Raw data:
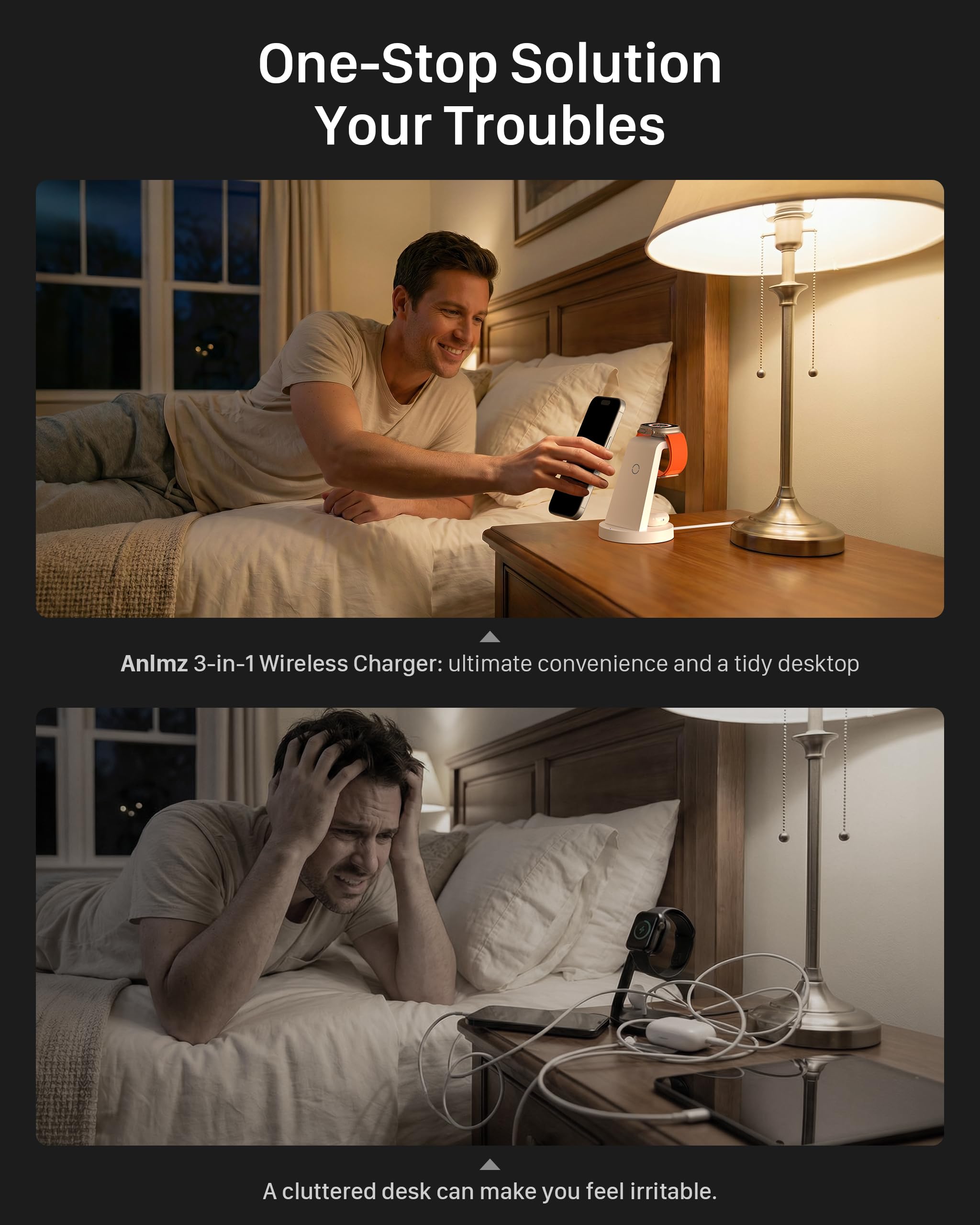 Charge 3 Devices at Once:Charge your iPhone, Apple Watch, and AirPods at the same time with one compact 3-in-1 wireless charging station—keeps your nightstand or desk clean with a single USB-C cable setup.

---

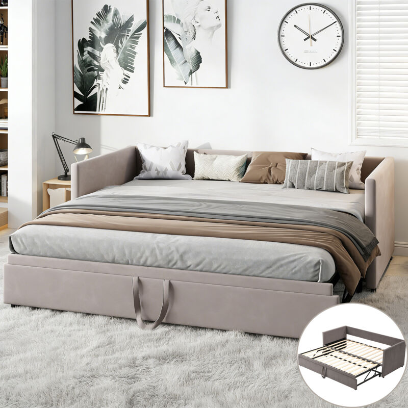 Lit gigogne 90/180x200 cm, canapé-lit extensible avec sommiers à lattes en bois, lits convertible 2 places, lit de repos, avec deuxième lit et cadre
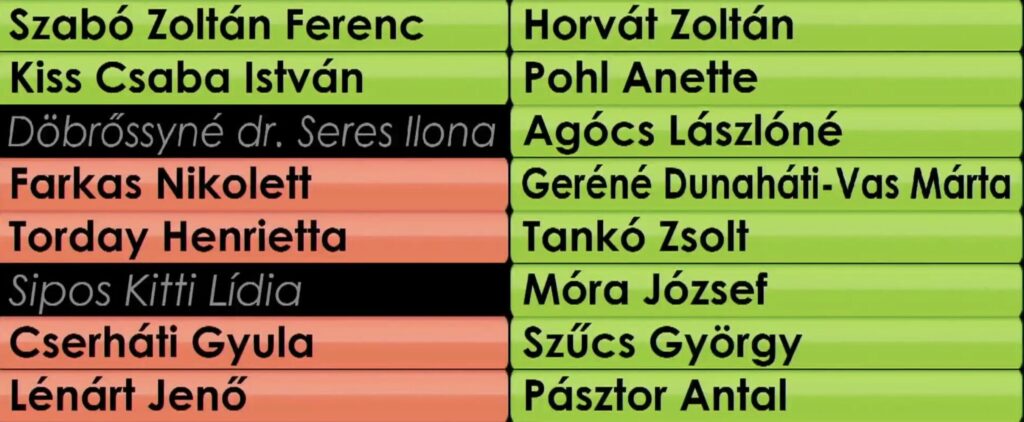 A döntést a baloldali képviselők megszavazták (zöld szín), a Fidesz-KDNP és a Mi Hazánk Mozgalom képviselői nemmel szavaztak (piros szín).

...

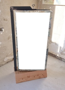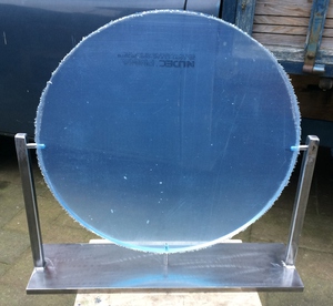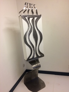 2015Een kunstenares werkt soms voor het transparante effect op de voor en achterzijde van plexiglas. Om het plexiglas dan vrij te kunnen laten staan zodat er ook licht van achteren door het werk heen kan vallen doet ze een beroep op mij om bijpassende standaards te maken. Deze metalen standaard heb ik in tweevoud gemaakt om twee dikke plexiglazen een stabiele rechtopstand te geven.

What the task asks: Above are the records. Copy only the lines from the one with "Lit gigogne 90/180x200" through the one with "A döntést a", exactly, with no pictures.

Written solution:
 Lit gigogne 90/180x200 cm, canapé-lit extensible avec sommiers à lattes en bois, lits convertible 2 places, lit de repos, avec deuxième lit et cadre
 A döntést a baloldali képviselők megszavazták (zöld szín), a Fidesz-KDNP és a Mi Hazánk Mozgalom képviselői nemmel szavaztak (piros szín).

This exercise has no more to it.